Records for processing ->
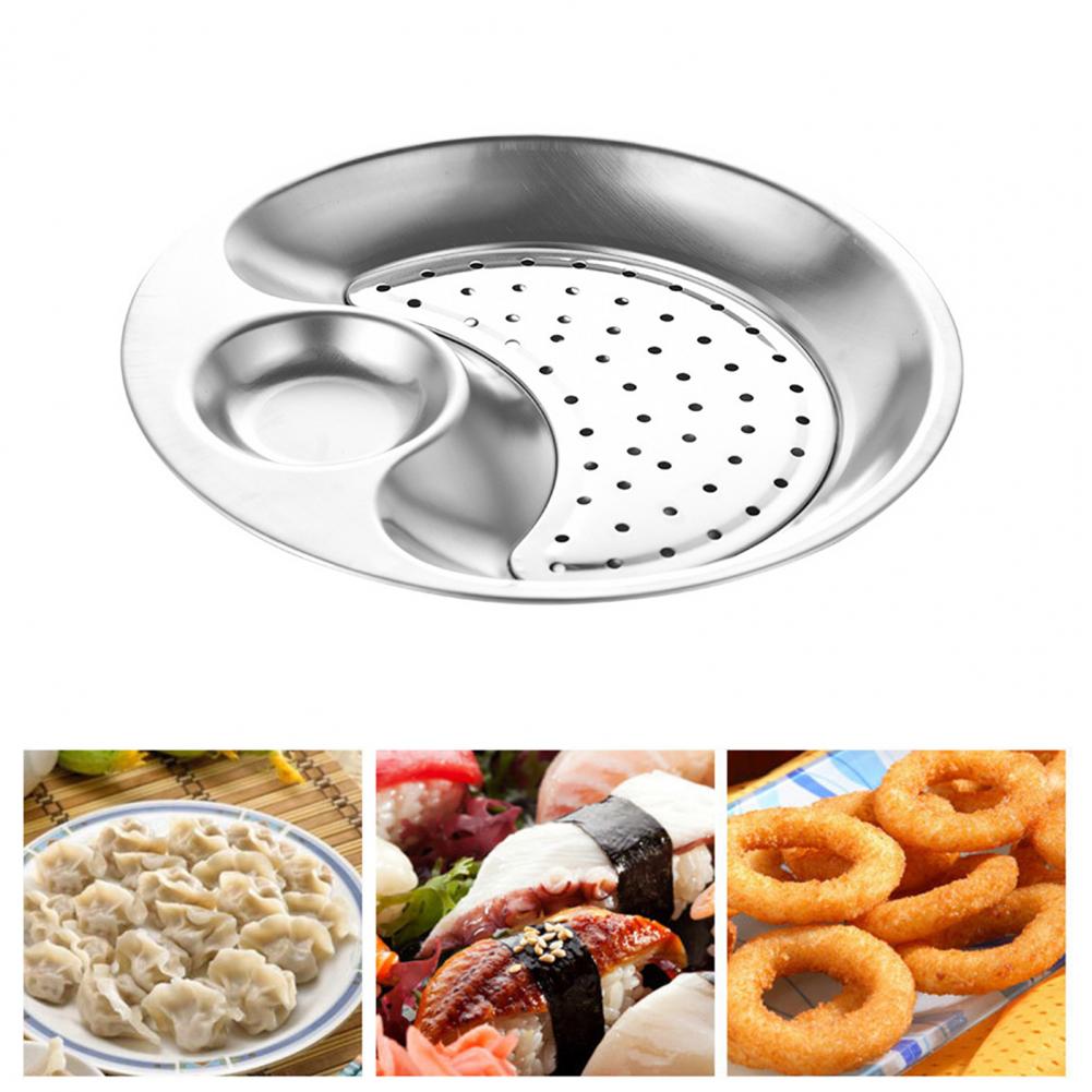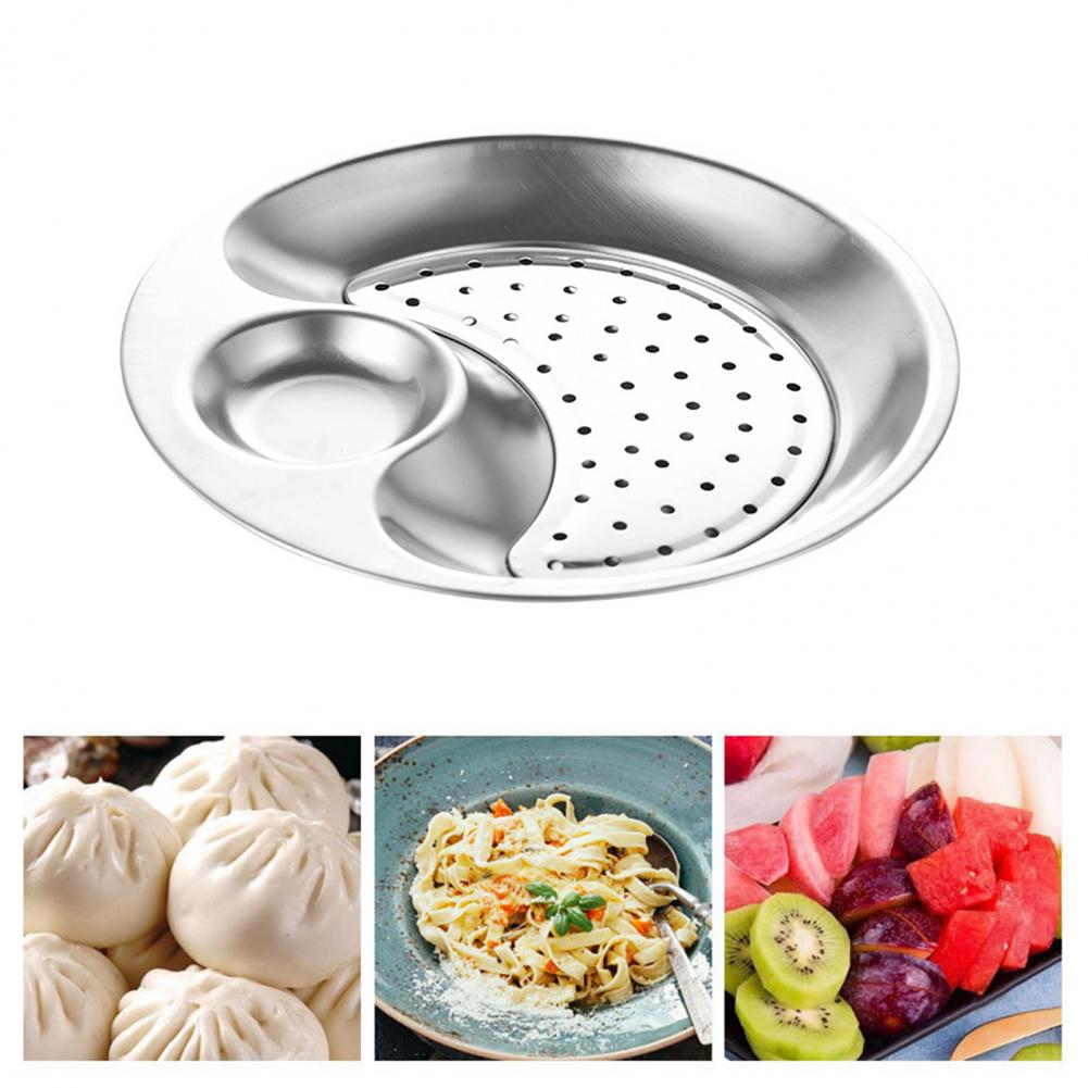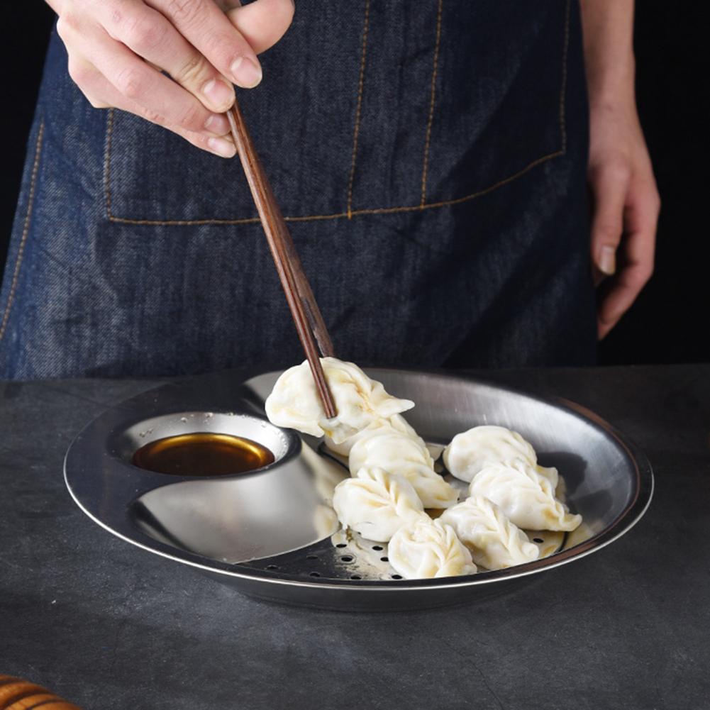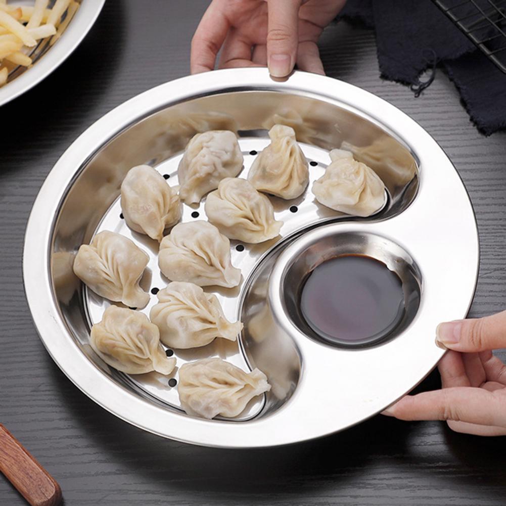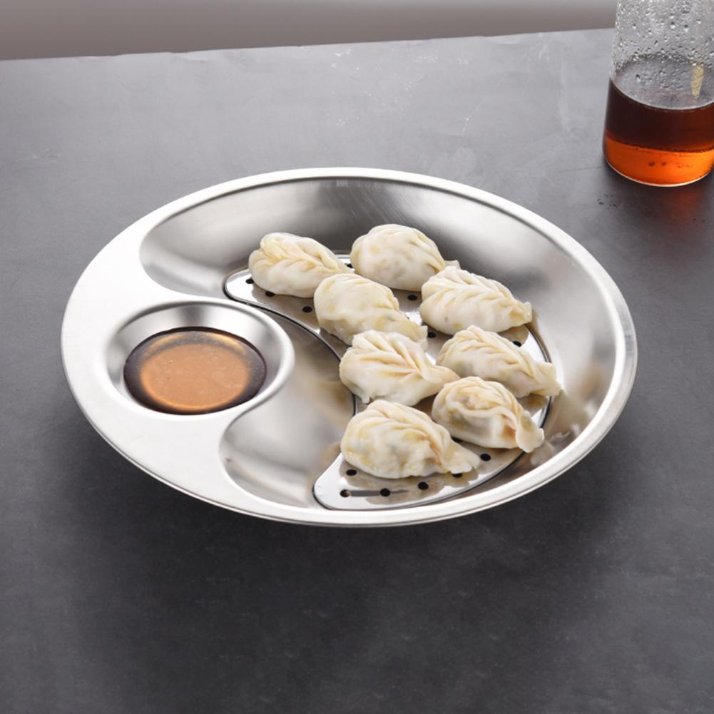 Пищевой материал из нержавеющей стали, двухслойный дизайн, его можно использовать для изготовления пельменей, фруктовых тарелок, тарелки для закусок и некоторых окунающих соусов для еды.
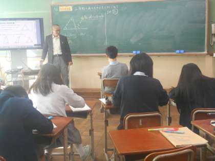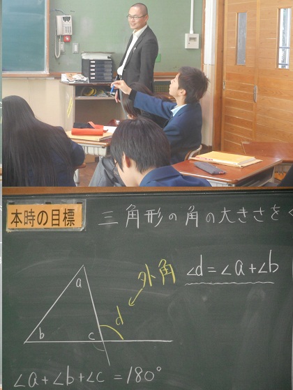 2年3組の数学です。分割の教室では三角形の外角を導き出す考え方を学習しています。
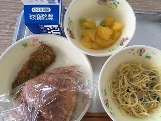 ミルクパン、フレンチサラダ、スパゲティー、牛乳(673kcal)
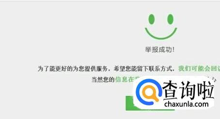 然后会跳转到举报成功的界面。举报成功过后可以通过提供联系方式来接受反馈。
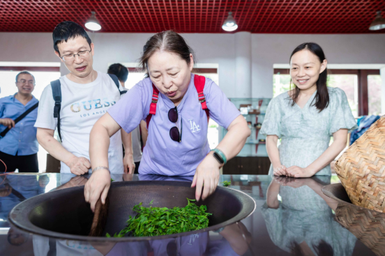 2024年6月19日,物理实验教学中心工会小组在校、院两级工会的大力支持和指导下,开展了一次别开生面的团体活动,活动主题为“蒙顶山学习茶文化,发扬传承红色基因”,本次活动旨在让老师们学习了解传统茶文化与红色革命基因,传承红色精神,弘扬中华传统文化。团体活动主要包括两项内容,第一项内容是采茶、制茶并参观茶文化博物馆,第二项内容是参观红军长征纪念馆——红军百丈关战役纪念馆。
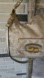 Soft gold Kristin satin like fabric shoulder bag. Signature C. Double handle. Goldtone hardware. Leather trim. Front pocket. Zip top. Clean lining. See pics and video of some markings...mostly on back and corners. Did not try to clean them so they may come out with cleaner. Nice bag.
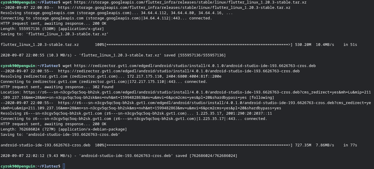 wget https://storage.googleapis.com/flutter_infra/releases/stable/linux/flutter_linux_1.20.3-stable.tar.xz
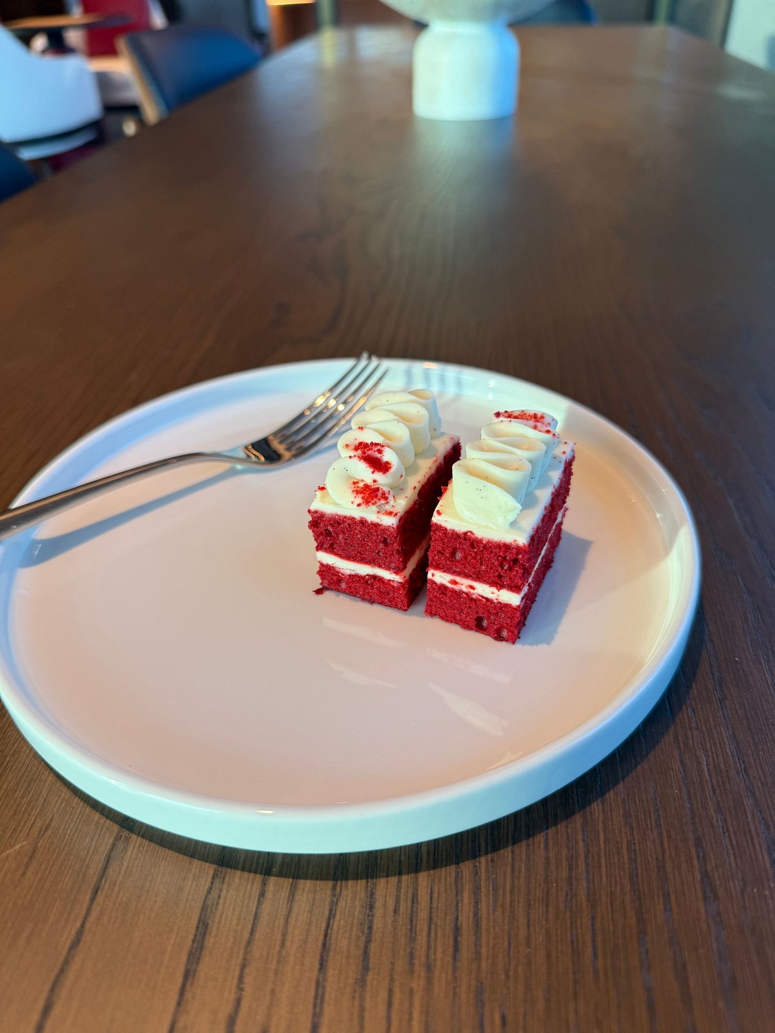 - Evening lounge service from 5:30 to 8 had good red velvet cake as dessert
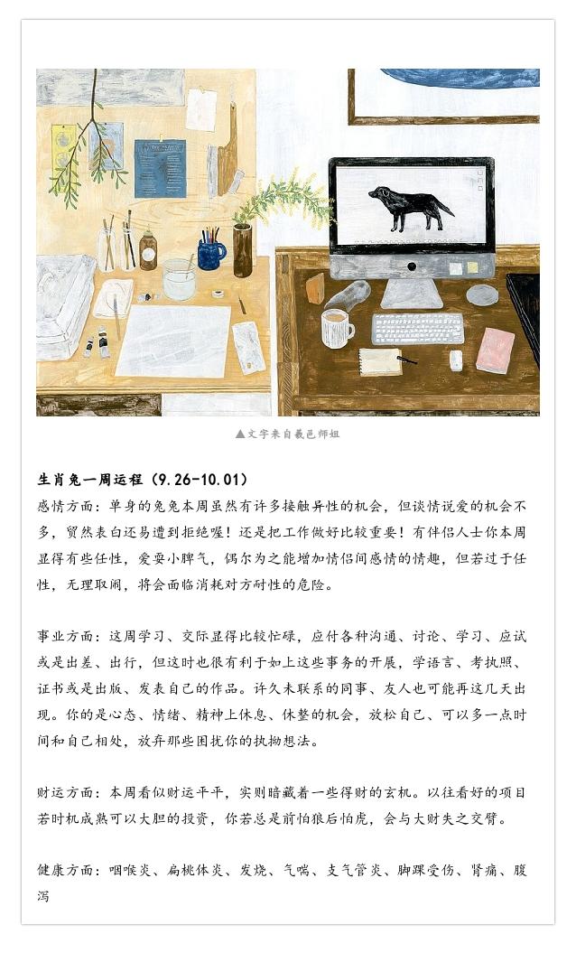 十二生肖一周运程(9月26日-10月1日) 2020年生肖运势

Directions -> The data above should be repeated in full and exactly, with no pictures carried over.

Exercise solution ->
 Пищевой материал из нержавеющей стали, двухслойный дизайн, его можно использовать для изготовления пельменей, фруктовых тарелок, тарелки для закусок и некоторых окунающих соусов для еды.
 2年3組の数学です。分割の教室では三角形の外角を導き出す考え方を学習しています。
 ミルクパン、フレンチサラダ、スパゲティー、牛乳(673kcal)
 然后会跳转到举报成功的界面。举报成功过后可以通过提供联系方式来接受反馈。
 2024年6月19日,物理实验教学中心工会小组在校、院两级工会的大力支持和指导下,开展了一次别开生面的团体活动,活动主题为“蒙顶山学习茶文化,发扬传承红色基因”,本次活动旨在让老师们学习了解传统茶文化与红色革命基因,传承红色精神,弘扬中华传统文化。团体活动主要包括两项内容,第一项内容是采茶、制茶并参观茶文化博物馆,第二项内容是参观红军长征纪念馆——红军百丈关战役纪念馆。
 Soft gold Kristin satin like fabric shoulder bag. Signature C. Double handle. Goldtone hardware. Leather trim. Front pocket. Zip top. Clean lining. See pics and video of some markings...mostly on back and corners. Did not try to clean them so they may come out with cleaner. Nice bag.
 wget https://storage.googleapis.com/flutter_infra/releases/stable/linux/flutter_linux_1.20.3-stable.tar.xz
 - Evening lounge service from 5:30 to 8 had good red velvet cake as dessert
 十二生肖一周运程(9月26日-10月1日) 2020年生肖运势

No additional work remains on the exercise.